Now I got a Mini CUDA23. Something with the server side is not getting always getting the correct information.

zombie67 [MM]
Volunteer tester
Avatar
Send message
Joined: 3 Jul 09
Posts: 156
Credit: 612,751,766
RAC: 309
Message 16123 - Posted: 27 Mar 2013, 0:29:14 UTC

I am getting errors on my win7 64 bit machine with 8800 GT.

http://boinc.thesonntags.com/collatz/result.php?resultid=137495594

____________
Dublin, California
Team: SETI.USA

Profile Slicker
Volunteer moderator
Project administrator
Project developer
Project tester
Project scientist
Avatar
Send message
Joined: 11 Jun 09
Posts: 2525
Credit: 740,580,099
RAC: 1
Message 16126 - Posted: 27 Mar 2013, 15:05:36 UTC - in response to Message 16121.
Last modified: 27 Mar 2013, 15:36:01 UTC

Now I got a Mini CUDA23. Something with the server side is not getting always getting the correct information.


You seem to have gotten both CUDA23 and CUDA50 mini_collatz WUs.
You see, the BOINC server assumes that people can't figure out which app to run. It also assumes that it is smarter than the people and can figure out which app they should be running. So, the default BOINC server setup will send 32-bit and 64-bit apps to 64-bit computers because some project admins haven't figured out that their 64-bit apps actually run slower than their 32-bit apps. (Sad, but true.) I believe BOINC does that with its GPU apps as well. There is no max driver version logic so while a machine with CUDA 2.3 can only run CUDA 2.3 apps, a machine with CUDA 5.0 can run either CUDA 2.3 or CUDA 5.0 apps. I deprecated the 31, 40, and 42 apps, but for some reason, BOINC keeps sending out CUDA23 apps. Given that most project have only 1 CUDA app, you probably don't run into it elsewhere. Also, for max compatibility, they probably have it compiled for CUDA 2.3 or 3.x so you never run into issues on those projects.
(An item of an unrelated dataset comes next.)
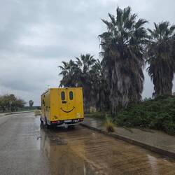 Hier stehen wir sicher trotz ziemlichem Regen, der uns fast den ganzen Tag begleitet hat.
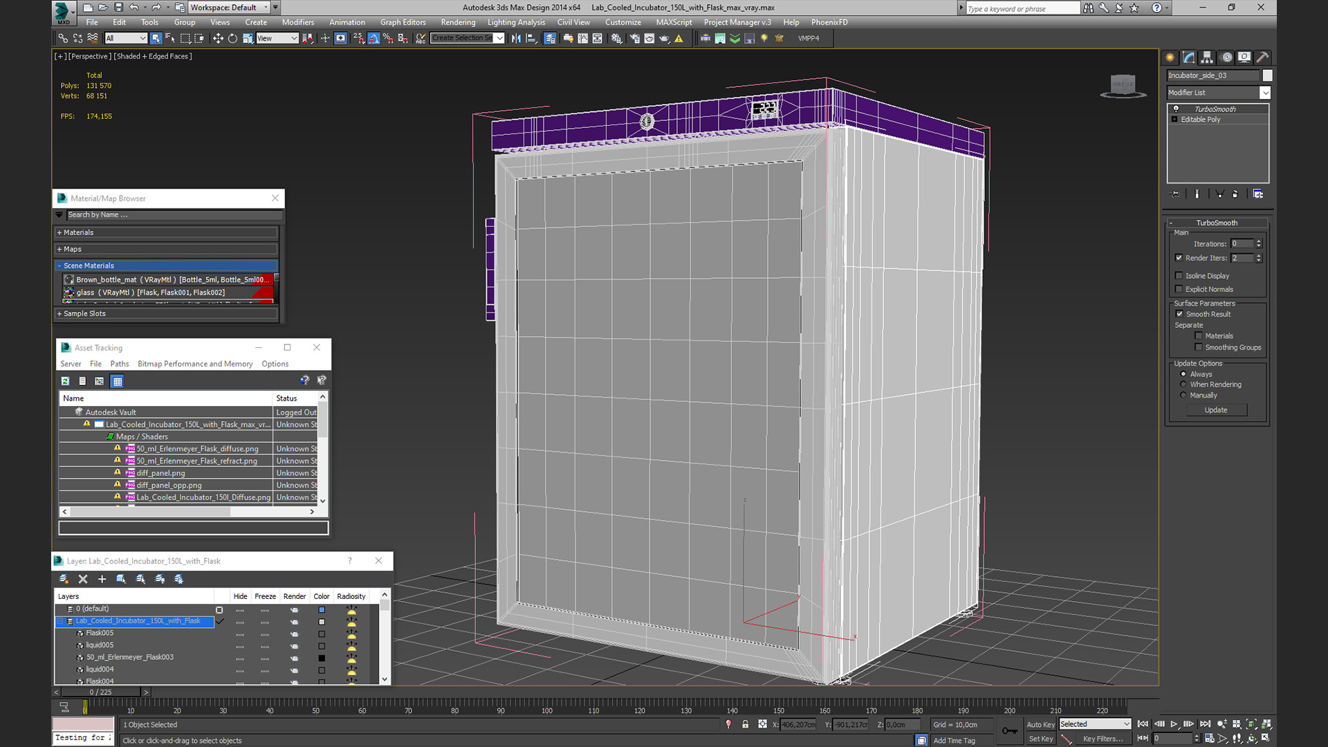 Lab Cooled Incubator 150L with Flask is a high quality, photo real 3d model that will enhance detail and realism to any of your rendering projects. The model has a fully textured, detailed design that allows for close-up renders, and was originally modeled in 3ds Max 2020 and rendered with V-Ray. Renders have no postprocessing!

I don't want to remove the CUDA23 app yet since those who run into problems with the CUDA5 app may want to run the CUDA23 app via an app_info until the kinks get worked out.

Profile Slicker
Volunteer moderator
Project administrator
Project developer
Project tester
Project scientist
Avatar
Send message
Joined: 11 Jun 09
Posts: 2525
Credit: 740,580,099
RAC: 1
Message 16127 - Posted: 27 Mar 2013, 15:10:24 UTC - in response to Message 16123.

I am getting errors on my win7 64 bit machine with 8800 GT.

http://boinc.thesonntags.com/collatz/result.php?resultid=137495594


Can you edit the collatz.config file in the project folder and set "verbose=1" so that it will show more info in the output?

If the errors are due to the driver getting reset and or being overloaded, overheated, etc. you can try lowering the values of kernels_per_reduction
or items_per_kernel or both in the collatz.config until it runs no longer has errors.

Profile Slicker
Volunteer moderator
Project administrator
Project developer
Project tester
Project scientist
Avatar
Send message
Joined: 11 Jun 09
Posts: 2525
Credit: 740,580,099
RAC: 1
Message 16128 - Posted: 27 Mar 2013, 15:11:40 UTC - in response to Message 16121.

Now I got a Mini CUDA23. Something with the server side is not getting always getting the correct information.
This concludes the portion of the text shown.